### WHAT YOU NEED TO DO:
Retype only the lines below from the one with "Hoher Blattschmuckwert. Die" to the one with "Sắc lệnh ban", inclusive, skipping every image.

### GIVEN INFORMATION:
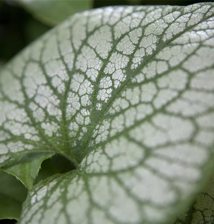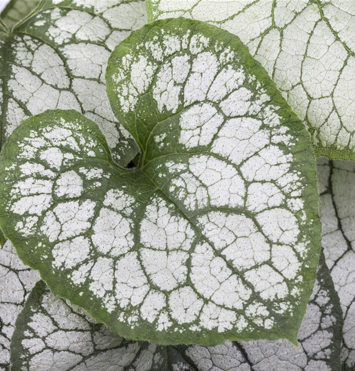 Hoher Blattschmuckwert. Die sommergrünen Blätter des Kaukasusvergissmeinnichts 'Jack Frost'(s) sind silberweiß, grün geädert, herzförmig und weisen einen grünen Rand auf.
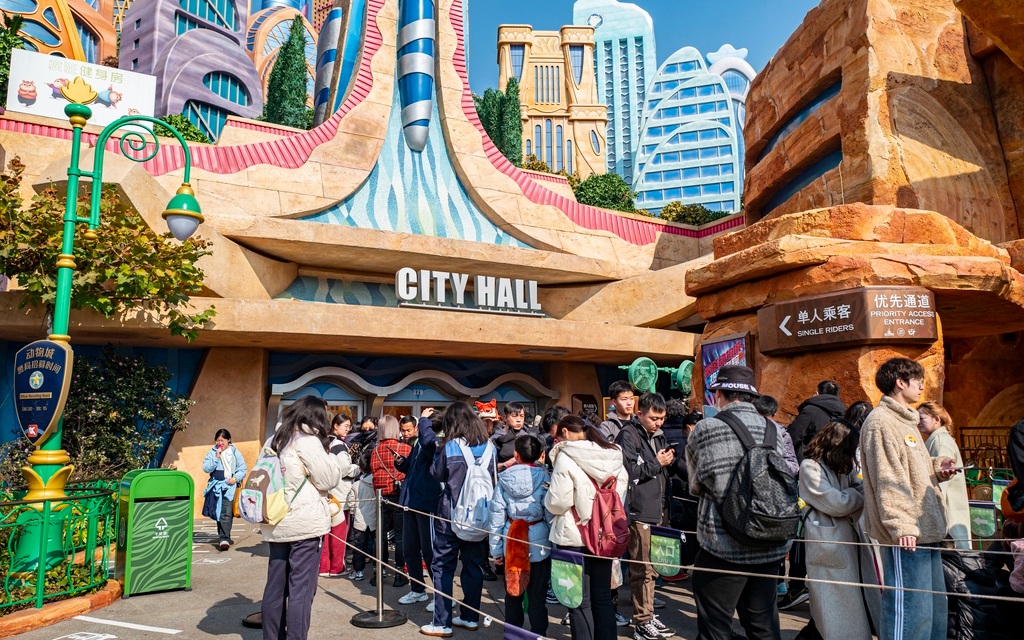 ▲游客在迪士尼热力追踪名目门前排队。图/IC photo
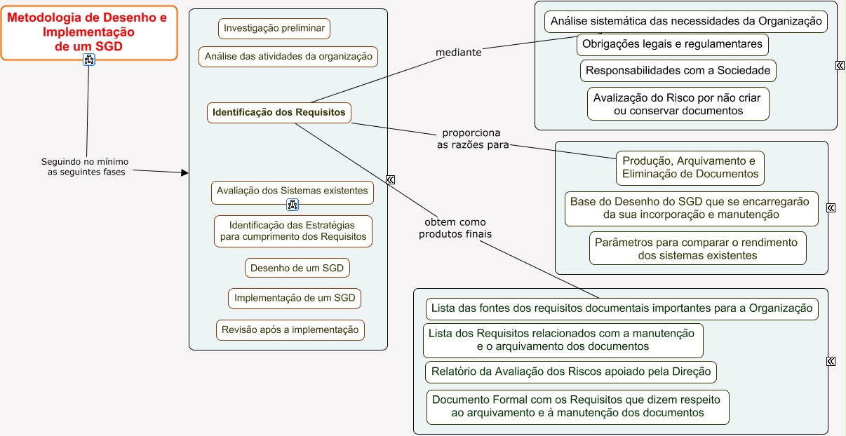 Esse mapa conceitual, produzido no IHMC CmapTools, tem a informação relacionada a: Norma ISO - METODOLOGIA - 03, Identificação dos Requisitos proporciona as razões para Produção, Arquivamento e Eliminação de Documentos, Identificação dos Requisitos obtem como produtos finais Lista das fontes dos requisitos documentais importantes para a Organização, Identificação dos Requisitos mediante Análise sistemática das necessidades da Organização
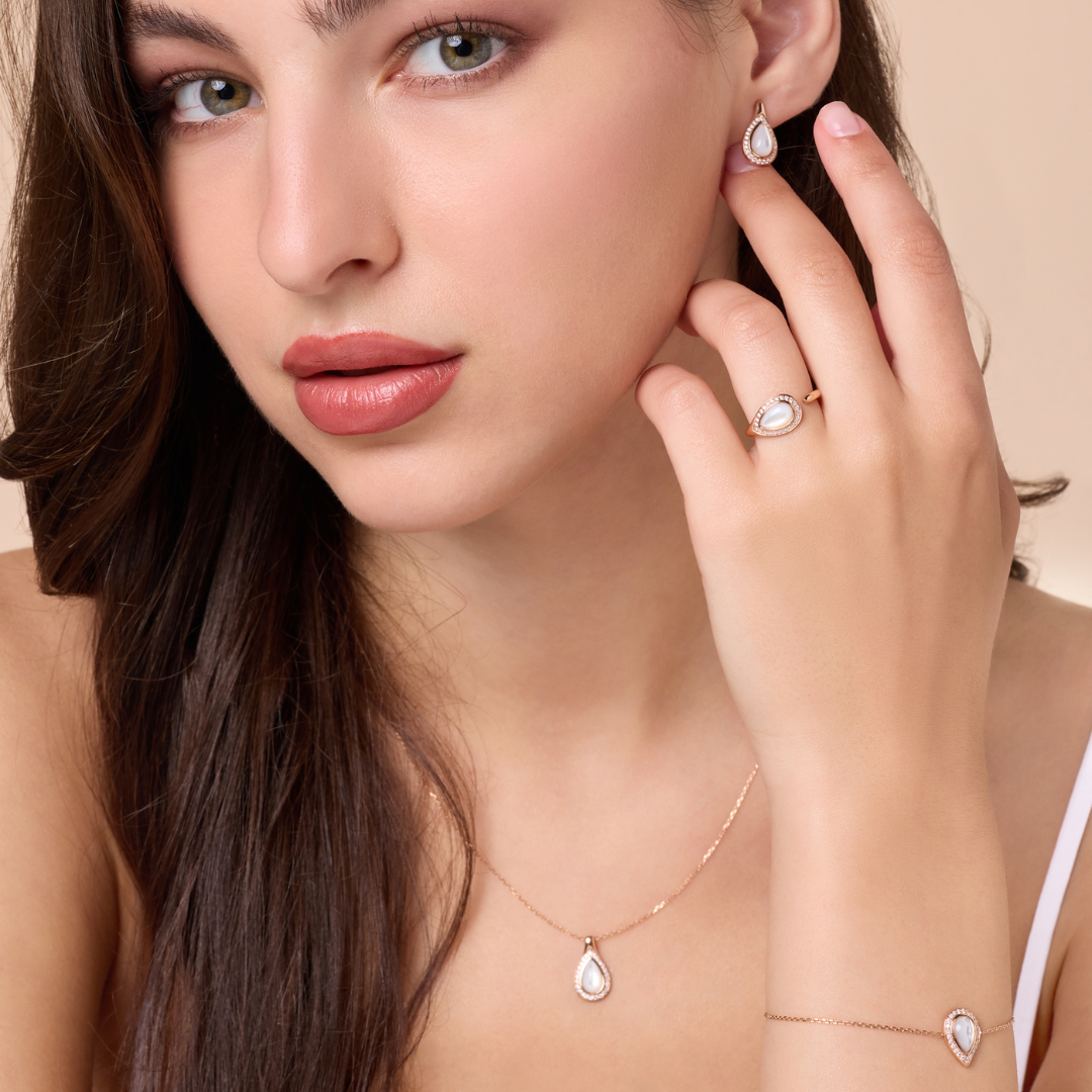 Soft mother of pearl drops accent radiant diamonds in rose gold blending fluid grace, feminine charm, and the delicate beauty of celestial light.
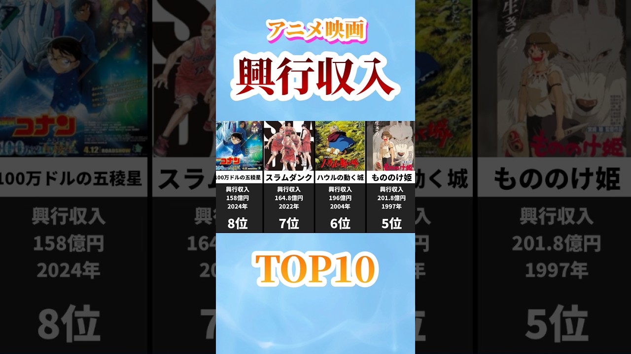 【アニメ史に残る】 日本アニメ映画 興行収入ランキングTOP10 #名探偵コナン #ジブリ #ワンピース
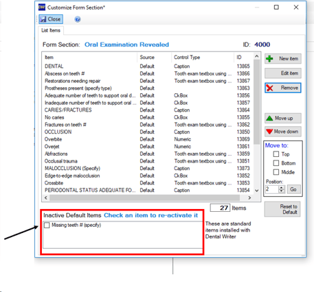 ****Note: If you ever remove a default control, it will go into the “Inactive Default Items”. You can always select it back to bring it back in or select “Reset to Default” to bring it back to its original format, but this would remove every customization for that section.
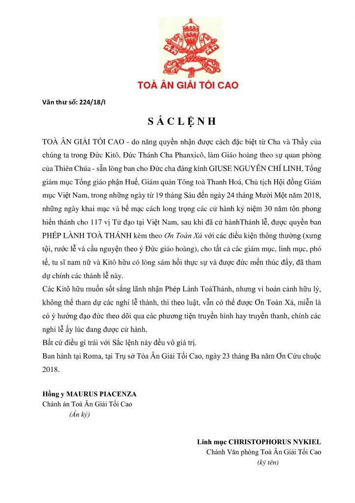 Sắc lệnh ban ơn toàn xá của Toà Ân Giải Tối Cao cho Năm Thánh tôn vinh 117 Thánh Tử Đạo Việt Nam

---

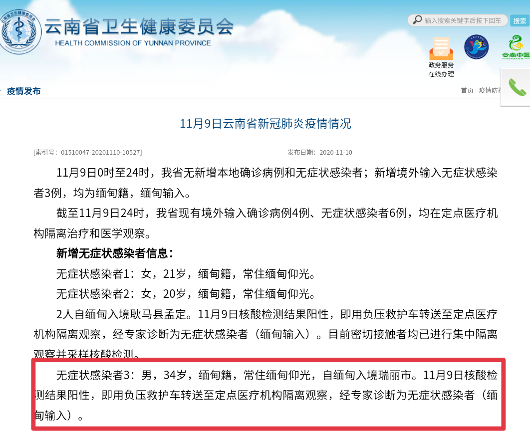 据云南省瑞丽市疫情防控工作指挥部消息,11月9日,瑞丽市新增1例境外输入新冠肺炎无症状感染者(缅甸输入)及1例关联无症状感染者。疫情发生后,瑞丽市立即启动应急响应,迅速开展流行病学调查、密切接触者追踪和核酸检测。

### REPLY:
 Hoher Blattschmuckwert. Die sommergrünen Blätter des Kaukasusvergissmeinnichts 'Jack Frost'(s) sind silberweiß, grün geädert, herzförmig und weisen einen grünen Rand auf.
 ▲游客在迪士尼热力追踪名目门前排队。图/IC photo
 Esse mapa conceitual, produzido no IHMC CmapTools, tem a informação relacionada a: Norma ISO - METODOLOGIA - 03, Identificação dos Requisitos proporciona as razões para Produção, Arquivamento e Eliminação de Documentos, Identificação dos Requisitos obtem como produtos finais Lista das fontes dos requisitos documentais importantes para a Organização, Identificação dos Requisitos mediante Análise sistemática das necessidades da Organização
 Soft mother of pearl drops accent radiant diamonds in rose gold blending fluid grace, feminine charm, and the delicate beauty of celestial light.
 【アニメ史に残る】 日本アニメ映画 興行収入ランキングTOP10 #名探偵コナン #ジブリ #ワンピース
 ****Note: If you ever remove a default control, it will go into the “Inactive Default Items”. You can always select it back to bring it back in or select “Reset to Default” to bring it back to its original format, but this would remove every customization for that section.
 Sắc lệnh ban ơn toàn xá của Toà Ân Giải Tối Cao cho Năm Thánh tôn vinh 117 Thánh Tử Đạo Việt Nam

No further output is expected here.